> Exercise inputs
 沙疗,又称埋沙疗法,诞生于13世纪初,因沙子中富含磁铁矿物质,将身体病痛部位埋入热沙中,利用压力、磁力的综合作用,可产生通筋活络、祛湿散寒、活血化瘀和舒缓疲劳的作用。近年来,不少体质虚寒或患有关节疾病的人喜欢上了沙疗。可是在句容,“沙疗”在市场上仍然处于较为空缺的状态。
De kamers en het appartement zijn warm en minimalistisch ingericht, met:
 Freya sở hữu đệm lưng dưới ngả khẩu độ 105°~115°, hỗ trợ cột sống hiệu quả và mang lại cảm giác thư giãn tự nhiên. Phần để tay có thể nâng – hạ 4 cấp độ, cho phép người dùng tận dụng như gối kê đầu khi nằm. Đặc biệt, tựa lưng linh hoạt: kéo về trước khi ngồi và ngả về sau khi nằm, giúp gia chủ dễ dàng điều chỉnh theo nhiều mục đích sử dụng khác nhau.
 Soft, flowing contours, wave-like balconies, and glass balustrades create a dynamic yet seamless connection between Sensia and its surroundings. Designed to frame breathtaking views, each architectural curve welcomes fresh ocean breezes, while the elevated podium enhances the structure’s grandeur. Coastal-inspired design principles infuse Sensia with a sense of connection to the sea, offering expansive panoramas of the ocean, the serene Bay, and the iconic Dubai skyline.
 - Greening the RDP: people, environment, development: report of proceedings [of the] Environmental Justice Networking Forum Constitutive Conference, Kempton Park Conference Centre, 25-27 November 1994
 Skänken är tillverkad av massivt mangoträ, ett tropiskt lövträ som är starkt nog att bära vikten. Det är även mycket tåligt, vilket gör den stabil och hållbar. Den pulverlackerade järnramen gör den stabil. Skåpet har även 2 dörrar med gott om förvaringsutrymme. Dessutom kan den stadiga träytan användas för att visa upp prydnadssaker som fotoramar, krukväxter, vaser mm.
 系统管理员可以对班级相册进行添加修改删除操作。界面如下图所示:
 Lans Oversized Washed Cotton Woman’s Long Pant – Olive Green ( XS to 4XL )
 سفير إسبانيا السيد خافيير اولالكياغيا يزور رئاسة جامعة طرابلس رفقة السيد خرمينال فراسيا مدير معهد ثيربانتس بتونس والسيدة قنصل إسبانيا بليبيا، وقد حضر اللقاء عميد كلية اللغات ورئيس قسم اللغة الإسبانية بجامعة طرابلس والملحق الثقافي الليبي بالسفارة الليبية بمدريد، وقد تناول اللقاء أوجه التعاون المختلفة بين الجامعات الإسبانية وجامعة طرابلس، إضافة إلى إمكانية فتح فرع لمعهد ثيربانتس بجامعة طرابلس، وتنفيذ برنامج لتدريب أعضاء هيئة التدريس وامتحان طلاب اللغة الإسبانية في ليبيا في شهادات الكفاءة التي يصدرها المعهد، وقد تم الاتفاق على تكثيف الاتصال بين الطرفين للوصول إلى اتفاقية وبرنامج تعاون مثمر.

> How to complete this task
Lines from the beginning of the data above through the line containing "De kamers en" are to be returned exactly, and no others.

> Result of this exercise
 沙疗,又称埋沙疗法,诞生于13世纪初,因沙子中富含磁铁矿物质,将身体病痛部位埋入热沙中,利用压力、磁力的综合作用,可产生通筋活络、祛湿散寒、活血化瘀和舒缓疲劳的作用。近年来,不少体质虚寒或患有关节疾病的人喜欢上了沙疗。可是在句容,“沙疗”在市场上仍然处于较为空缺的状态。
De kamers en het appartement zijn warm en minimalistisch ingericht, met:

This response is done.